“Excavators working in the ancient town of Hieraconpolis in southern Egypt found an unusual object. Among a cache of sacred relics buried in the remains of an early temple lay a oversized (60 cms) slate cosmetic palette. With carved pictures and rudimentary writing it told the story of the unification of Egypt. One side shows a large figure grasping an enemy by the hair with one hand while raising a mace menacingly with the other. Hieroglyphs over the scene call the man “Narmer”. The reverse side shows Narmer leading a procession of tiny figures carrying banners, while a little man behind him dresses as a priest cradles a pair of sandals.
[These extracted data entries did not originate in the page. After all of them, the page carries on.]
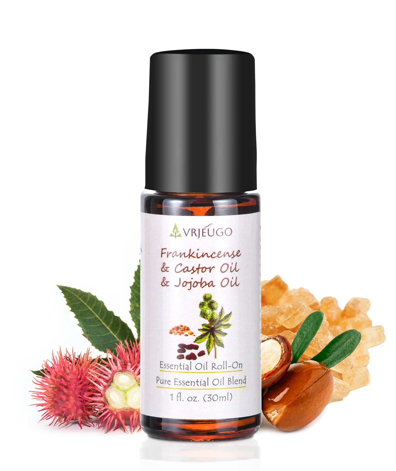VRJEUGO Organic Frankincense Castor & Jojoba Oil Roll-On 100% Pure Essential Oil Blend for Face & Body | Nourishing & Hydrating Body Firming Rollerball 30ML
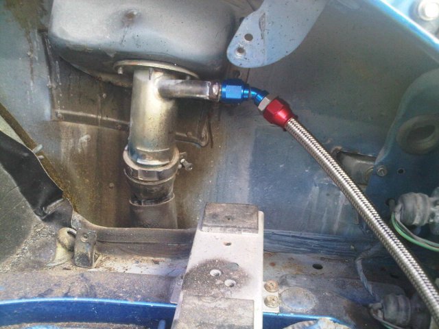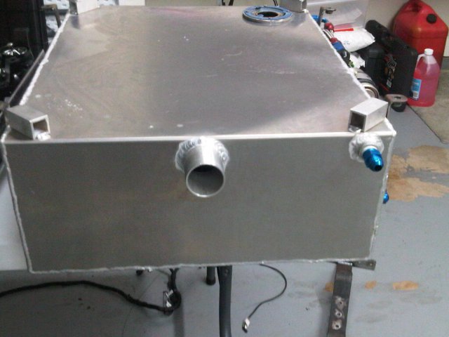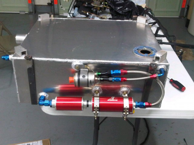 Today I took the car from the fab shop to the body shop. I removed the fuel sending unit and sent it in to be rebuilt. I have attached pictures of the tank on the car and out as requested. As you can see the tank design is simple but does all I need it to.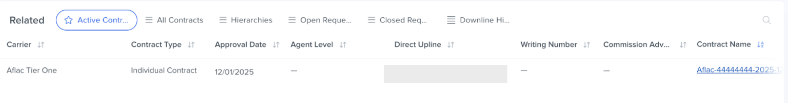 - Check the "Active Contracts" section in the agent record to confirm that the contract was created successfully.

Most significantly, Narmer wears one kind of crown on one side of the palette and a different crown on the other –distinctive royal hats known as the Red Crown of the North and the White Crown of the South. The pictures narrate Narmer’s leadership of a southern confederation (with processional banners representing various communities) to its successful conquest of the north, a conquest that made Narmer the first ruler of a unified Egypt. Except for a relatively brief period of instability, the country remained a single entity throughout its 3000-year history, but Egyptians never forgot their origins. They always referred to their country as the ‘Two Lands’, and their ruler as the ‘Lord of Upper and Lower Egypt’, a way of acknowledging the indispensable role of the pharaoh in holding a divided country together. Other Egyptian records assign the original pharaoh the name Menes, a different designation for the same man – every pharaoh had at least two names”
Bryer, H. Hobbs, Daily Life of the Ancient Egyptians (Greenwood Press, 2008).